Top of Data to process

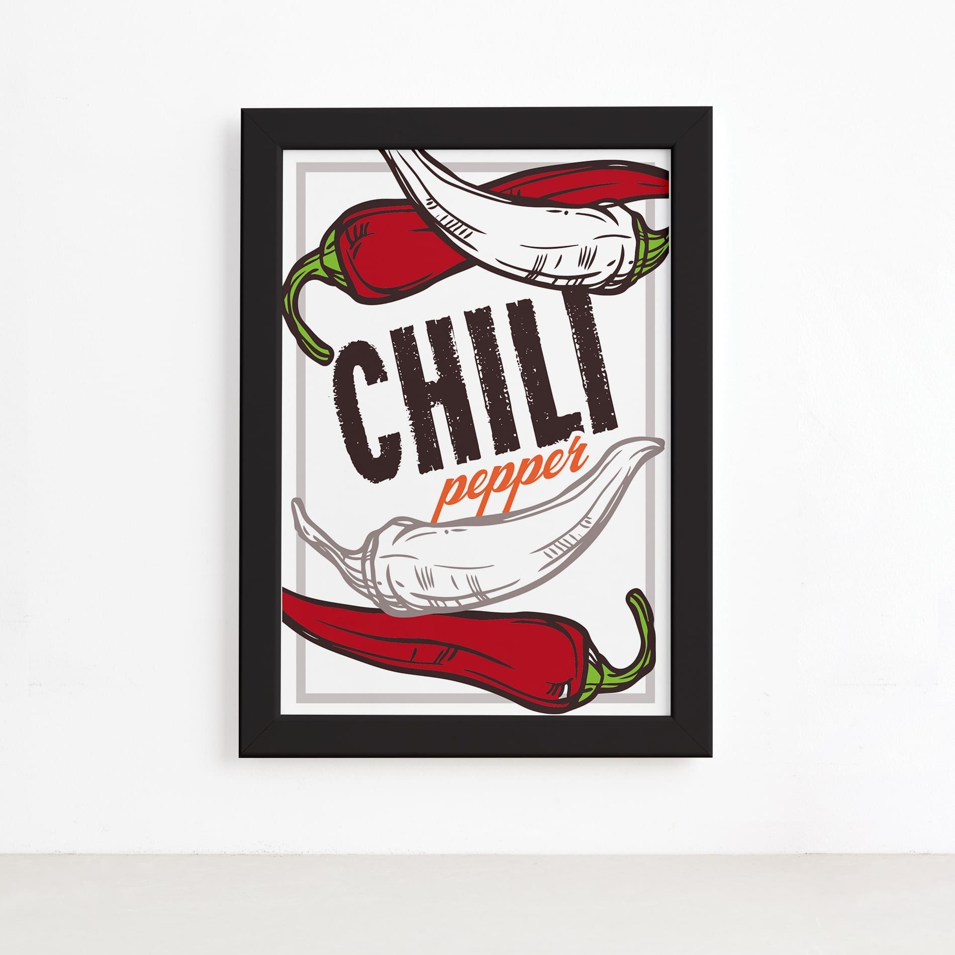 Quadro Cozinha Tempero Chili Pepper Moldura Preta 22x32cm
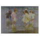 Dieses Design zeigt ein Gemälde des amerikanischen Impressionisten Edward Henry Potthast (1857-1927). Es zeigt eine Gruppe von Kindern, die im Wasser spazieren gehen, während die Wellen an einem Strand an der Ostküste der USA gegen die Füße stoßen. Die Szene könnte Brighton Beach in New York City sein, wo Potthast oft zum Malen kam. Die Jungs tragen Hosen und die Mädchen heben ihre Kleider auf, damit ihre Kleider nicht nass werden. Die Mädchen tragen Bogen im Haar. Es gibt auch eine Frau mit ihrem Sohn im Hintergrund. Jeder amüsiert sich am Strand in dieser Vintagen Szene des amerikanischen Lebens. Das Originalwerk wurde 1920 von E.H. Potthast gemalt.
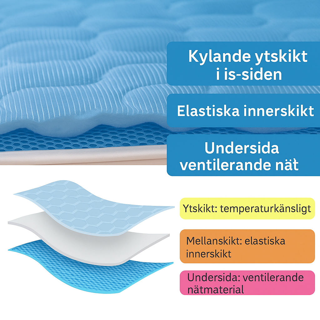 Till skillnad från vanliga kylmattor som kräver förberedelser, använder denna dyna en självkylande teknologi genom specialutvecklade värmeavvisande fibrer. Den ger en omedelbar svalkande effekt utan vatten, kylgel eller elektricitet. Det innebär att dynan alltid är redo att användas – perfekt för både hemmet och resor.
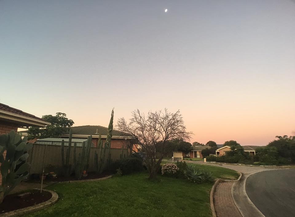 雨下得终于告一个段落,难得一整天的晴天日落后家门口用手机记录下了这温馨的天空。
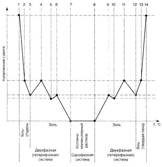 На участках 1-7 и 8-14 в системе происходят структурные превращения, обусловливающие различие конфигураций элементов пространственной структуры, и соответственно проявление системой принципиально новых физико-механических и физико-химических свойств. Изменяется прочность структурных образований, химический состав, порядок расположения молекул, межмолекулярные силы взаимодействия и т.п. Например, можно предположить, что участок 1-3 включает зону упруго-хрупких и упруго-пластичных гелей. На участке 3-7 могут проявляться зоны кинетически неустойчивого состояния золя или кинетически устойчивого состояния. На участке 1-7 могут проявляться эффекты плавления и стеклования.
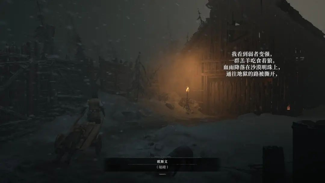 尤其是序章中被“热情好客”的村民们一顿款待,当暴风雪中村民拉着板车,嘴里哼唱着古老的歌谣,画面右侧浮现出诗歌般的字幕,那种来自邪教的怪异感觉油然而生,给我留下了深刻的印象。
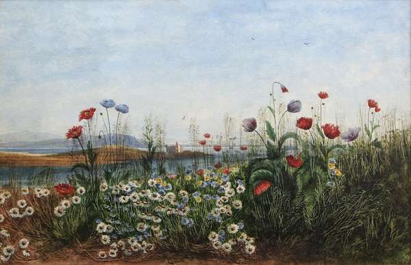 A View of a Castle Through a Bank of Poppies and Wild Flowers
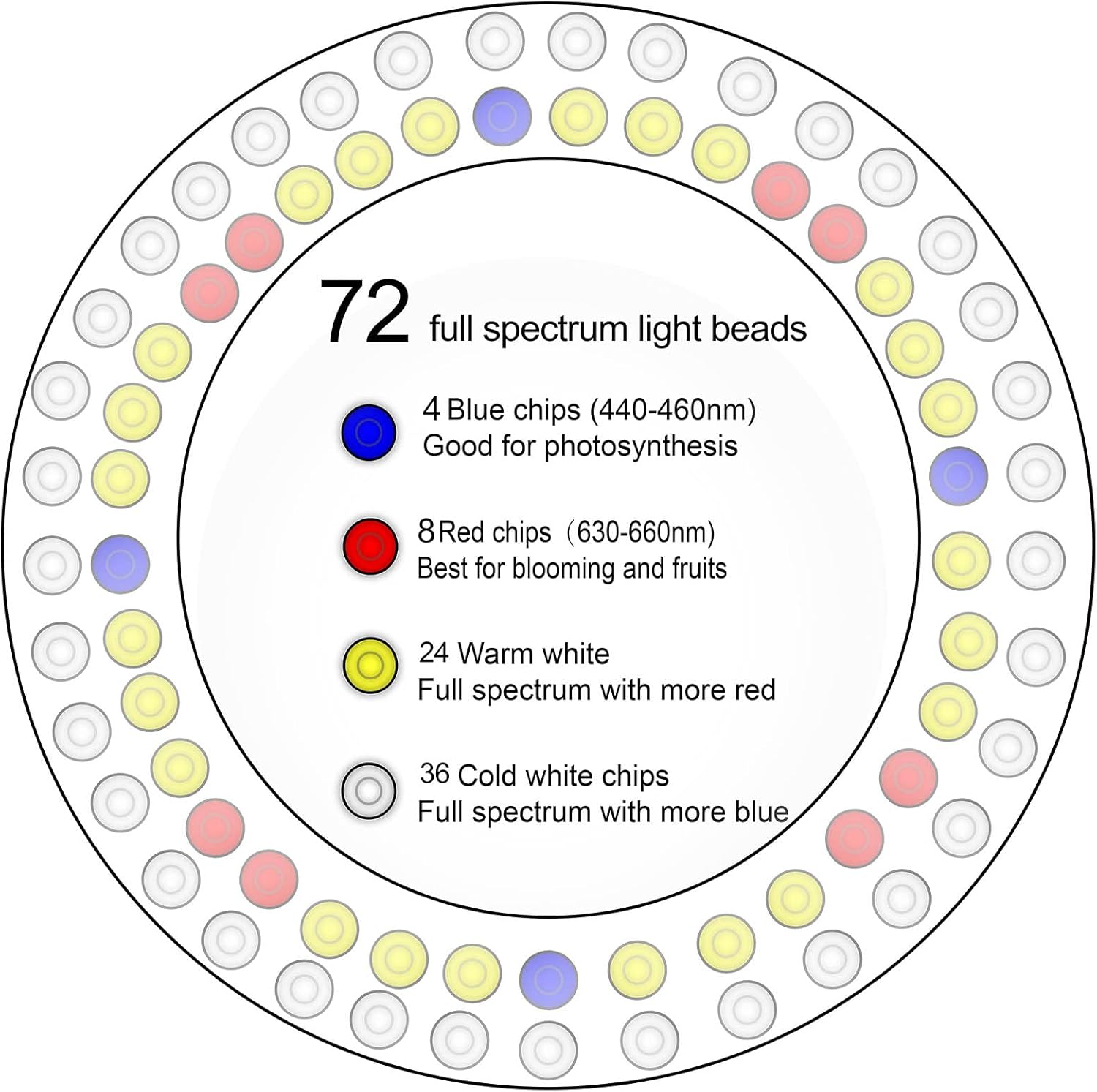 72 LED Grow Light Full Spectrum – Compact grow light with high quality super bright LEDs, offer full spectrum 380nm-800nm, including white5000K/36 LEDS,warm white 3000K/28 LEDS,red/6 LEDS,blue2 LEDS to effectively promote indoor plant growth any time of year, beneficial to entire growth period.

Bottom of Data to process
Top of Data to process

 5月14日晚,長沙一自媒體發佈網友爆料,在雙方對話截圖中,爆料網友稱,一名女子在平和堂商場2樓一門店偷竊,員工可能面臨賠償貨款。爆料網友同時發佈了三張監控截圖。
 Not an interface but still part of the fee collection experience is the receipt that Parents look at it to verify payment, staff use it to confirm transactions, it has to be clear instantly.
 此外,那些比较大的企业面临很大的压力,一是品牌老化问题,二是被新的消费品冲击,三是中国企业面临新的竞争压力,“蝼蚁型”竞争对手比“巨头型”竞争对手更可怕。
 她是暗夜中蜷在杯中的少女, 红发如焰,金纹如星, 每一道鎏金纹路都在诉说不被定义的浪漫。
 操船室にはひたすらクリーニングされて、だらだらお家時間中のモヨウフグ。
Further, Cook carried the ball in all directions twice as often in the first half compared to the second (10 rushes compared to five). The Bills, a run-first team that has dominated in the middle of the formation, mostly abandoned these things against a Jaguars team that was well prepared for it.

Bottom of Data to process

◆ What is being asked ◆
Starting at the line above that holds "5月14日晚,長沙一自媒體發" and ending at the line that holds "Further, Cook carried", transcribe each line exactly and include no other lines.

◆ Task output ◆
 5月14日晚,長沙一自媒體發佈網友爆料,在雙方對話截圖中,爆料網友稱,一名女子在平和堂商場2樓一門店偷竊,員工可能面臨賠償貨款。爆料網友同時發佈了三張監控截圖。
 Not an interface but still part of the fee collection experience is the receipt that Parents look at it to verify payment, staff use it to confirm transactions, it has to be clear instantly.
 此外,那些比较大的企业面临很大的压力,一是品牌老化问题,二是被新的消费品冲击,三是中国企业面临新的竞争压力,“蝼蚁型”竞争对手比“巨头型”竞争对手更可怕。
 她是暗夜中蜷在杯中的少女, 红发如焰,金纹如星, 每一道鎏金纹路都在诉说不被定义的浪漫。
 操船室にはひたすらクリーニングされて、だらだらお家時間中のモヨウフグ。
Further, Cook carried the ball in all directions twice as often in the first half compared to the second (10 rushes compared to five). The Bills, a run-first team that has dominated in the middle of the formation, mostly abandoned these things against a Jaguars team that was well prepared for it.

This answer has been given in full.